Alta also got its financial house in order. Previously an underfunded branch of a relatively small infrastructure planning firm, Alta was bought in October by a group of private investors that includes the chief executives of the Related Companies, the large New York real estate firm, and Equinox, the fitness chain. As Alta’s new head, they installed Jay Walder, the former chairman and chief executive of the Metropolitan Transportation Authority in New York, who also held a senior position at Transport for London, the city’s transportation authority.

Both of those cities’ transit systems currently use PBSC technology. Alta also oversees other programs, relying on the PBSC technology, in Toronto; Boston; Washington, D.C.; Columbus, Ohio; Chattanooga, Tenn.; and in some of the Bay Area. The situation makes PBSC’s status in those places more uncertain.

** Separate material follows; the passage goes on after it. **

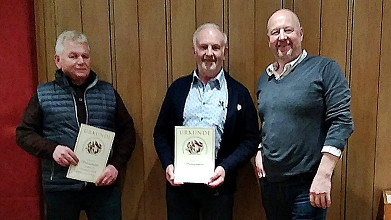 Der heiße Sommer im vergangenen Jahr machte der Sparte Vogelzucht und Vogelhaltung schwer zu schaffen. Reinhold Reichl informierte die Anwesenden darüber, dass in den Außenvolieren Temperaturen bis zu mehr als 50 Grad herrschten, was die Nachzucht sehr beeinträchtigte. Trotz der widrigen Umstände schaffte man es, junge Vögel zu ziehen, die man bei Ausstellungen einem breiten Publikum präsentieren konnte. So waren Ewald Schumacher und Reinhold Reichl bei der Landesverbandsschau in Mehlingen mit von der Partie. Jeder von ihnen konnte mit seinen Vögeln gleich zwei Landesmeisterschaften mit nach Hause bringen. Für diese Erfolge wurden sie jetzt vom Vorsitzenden Alexander Hedderich und Bürgermeister Helmut Glanzner geehrt.

Other competitors, too, are muscling into PBSC’s turf.

Mr. Squire of CycleHop, which operates bike-sharing systems in seven cities, said that he admired PBSC’s bikes and might do business with Mr. Rodi. But he recently rejected its technology after winning the contract to run Ottawa’s system. He said the PBSC docks and bikes previously used there, which have since been sold, couldn’t make up for the buggy software.

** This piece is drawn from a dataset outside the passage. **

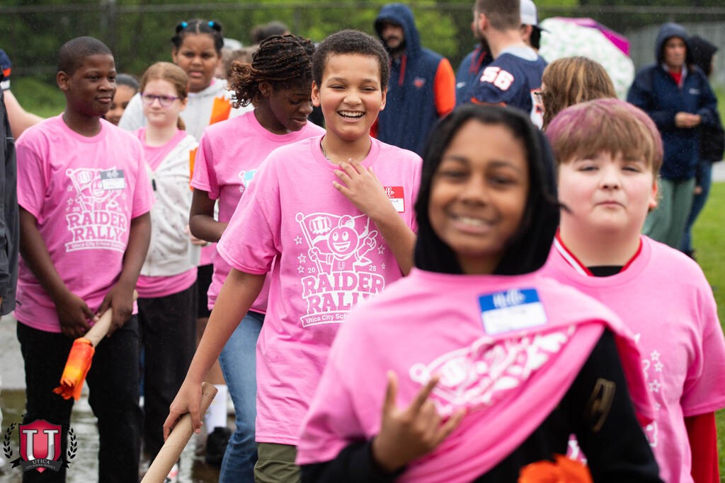 Ny alakamisy 29 mey, ny Utica Ny Departemantan'ny Fanabeazana manokana ao amin'ny City School District dia nampiantrano tamim-pireharehana ny Raiders Rally: fankalazana manerana ny distrika momba ny fahaiza-manaon'ny mpianatra, ny fampidirana ary ny reharehan'ny Raider ao amin'ny kianjan'ny atletika JFK. Na dia teo aza ny oram-batravatra, feno hafaliana, hery, ary fanahy Raider tsy voahozongozona ny andro!

This year, CycleHop will work with Social Bicycles, a Manhattan company that produces bikes, docks and system software. Mr. Squire said he was impressed by how Social’s system allows users to rent and unlock its bicycles by using a smartphone app. “He’s ahead, but he’s behind,” Mr. Squire said of Mr. Rodi and PBSC. “He has big cities, but the technology has moved forward.”

A correction was made on 
Jan. 18, 2015

An article last Sunday about Bruno Rodi, owner of the bike-sharing company PBSC Urban Solutions, misstated his mountain-climbing accomplishments. He has climbed the highest mountain on every continent, not the world’s seven highest mountains.